The term consumer welfare refers to two interconnected factors – the maintenance of low prices and the high number of outputs in the market. Both factors must be maintained simultaneously to reach consumer welfare. Having a fixed retail price with the use of Section 20(5) alone would address the issue only to an extent because even if dominant market players have to release rice to the market below the fixed retail price, the question remains as to how effective it would be to safeguard consumer welfare if monopoly firms exercise anti-competitive practices. For instance, if retail prices are imposed on popular rice variants, millers could encourage suppliers and consumers to buy other types of rice instead of the ones that have a fixed price. Monopoly millers could use anti-competitive practices such as making structural arrangements with suppliers and consumers, misusing monopoly power to create a shortage of government-regulated rice types and engaging in cartel practices. Thus, suppliers and consumers would have to purchase rice variants made available by monopoly millers for a higher price and monopoly firms would be in a position to manipulate the rice market, create a shortage of rice and thus impose higher rice prices. However, the rice market would automatically adjust to maintain a fair price and healthy competition to secure consumer welfare if anti-competitive practices are restricted. Having fixed a retail price for rice under consumer protection alone will not provide a permanent solution unless anti-competitive practices are properly regulated.

The way forward

The main objective of competition law is to maintain healthy competition in the market to secure consumer welfare. However, protecting traders is not the objective of competition law. Consumer welfare under the competition law is achieved by maintaining low prices and a high number of outputs by restricting anti-competitive practices. Thus, the meaning of consumer welfare has a direct link to the concept of consumer harm. Competition law aims to prohibit any anti-competitive practice such as restrictive trade agreements, abuse of monopoly and mergers that would result in consumer harm. Anti-competitive practices not only result in reducing the number of outputs in the market but also lead to an increase in the rice price.
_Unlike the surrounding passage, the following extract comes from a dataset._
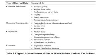 The document outlines the significance of data and technology in business analytics, emphasizing the importance of both structured and unstructured data sources, categorized into internal and external types. It discusses critical data issues such as quality and privacy, the role of database management systems (DBMS) for efficient data management, and the use of advanced analytical tools for data processing and decision-making. Furthermore, it highlights the necessity of a robust information technology infrastructure to support business analytics processes, underscoring that substantial technological investment is essential for firms aiming to leverage analytics for competitive advantage.

Competition law is a good mechanism to regulate the rice market to safeguard consumer welfare because it operates against both high prices and output restrictions. As fixing high retail prices and output restriction are the main issues in the rice market, it is only competition law that can capture and control both negative outcomes.

Part III of the Consumer Affairs Authority Act, No.09 of 2003 is designed to operate against consumer harm by maintaining healthy competition in the market. The legal provisions found in Part III of the Act is the best solution the Consumer Affairs Authority has to capture and control any anti-competitive practice exercised by private millers that could operate against consumer welfare. These provisions could be used to capture any restrictive trade agreement and abuse of monopoly power exercised by private millers.

There cannot not be a permanent solution to the rice crisis created by the rice mafia unless the Consumer Affairs Authority uses competition law, along with retail price fixing, to guarantee consumer welfare.